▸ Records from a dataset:
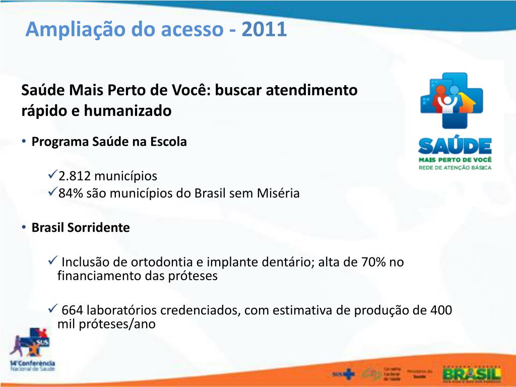 Ampliação do acesso - 2011 Saúde Mais Perto de Você: buscar atendimento rápido e humanizado • Programa Saúde na Escola • 2.812 municípios • 84% são municípios do Brasil sem Miséria • Brasil Sorridente • Inclusão de ortodontia e implante dentário; alta de 70% no financiamento das próteses • 664 laboratórios credenciados, com estimativa de produção de 400 mil próteses/ano
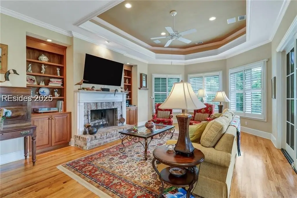 Custom Belfair home on Cumberland Drive with lagoon to golf course view – hole 13 E. This 4 bedroom, 4 1/2 bath home has been meticulously maintained and upgraded throughout. All bedrooms are ensuite. Incredible screen porch views are perfect for entertaining friends or for an early morning cup of coffee – or watching the occasional eagle dive bombing for a fish. There is great storage throughout the home. Conditioned wine room, spray foam insulation, two fireplaces, three car plus garage with epoxy floor, new roof, well for irrigation/water savings. This home is ready for you to start enjoying life in Belfair and the Low Country right away.
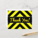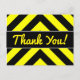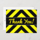 Cette conception de carte postale présente un motif en chevron noir et jaune. Elle comporte également le message "Merci !" sur le devant en texte jaune de type manuscrit, ainsi qu'un message de remerciement personnalisé au verso.
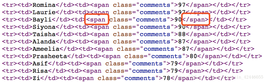 查看网页源代码发现数值前后的tag是"span",因此用span来定位,用for 循环查看这个tag,
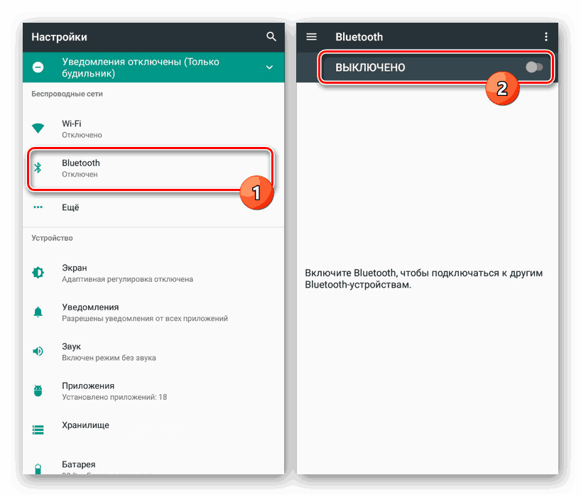 Одной из причин невозможности сопряжения может быть отключенный модуль Bluetooth на смартфоне. Рекомендуется проверить опцию в панели уведомлений и, если нужно, сделать настройки.

▸ Required work: Output every record above exactly, leaving out the pictures.

▸ Exercise output:
 Ampliação do acesso - 2011 Saúde Mais Perto de Você: buscar atendimento rápido e humanizado • Programa Saúde na Escola • 2.812 municípios • 84% são municípios do Brasil sem Miséria • Brasil Sorridente • Inclusão de ortodontia e implante dentário; alta de 70% no financiamento das próteses • 664 laboratórios credenciados, com estimativa de produção de 400 mil próteses/ano
 Custom Belfair home on Cumberland Drive with lagoon to golf course view – hole 13 E. This 4 bedroom, 4 1/2 bath home has been meticulously maintained and upgraded throughout. All bedrooms are ensuite. Incredible screen porch views are perfect for entertaining friends or for an early morning cup of coffee – or watching the occasional eagle dive bombing for a fish. There is great storage throughout the home. Conditioned wine room, spray foam insulation, two fireplaces, three car plus garage with epoxy floor, new roof, well for irrigation/water savings. This home is ready for you to start enjoying life in Belfair and the Low Country right away.
 Cette conception de carte postale présente un motif en chevron noir et jaune. Elle comporte également le message "Merci !" sur le devant en texte jaune de type manuscrit, ainsi qu'un message de remerciement personnalisé au verso.
 查看网页源代码发现数值前后的tag是"span",因此用span来定位,用for 循环查看这个tag,
 Одной из причин невозможности сопряжения может быть отключенный модуль Bluetooth на смартфоне. Рекомендуется проверить опцию в панели уведомлений и, если нужно, сделать настройки.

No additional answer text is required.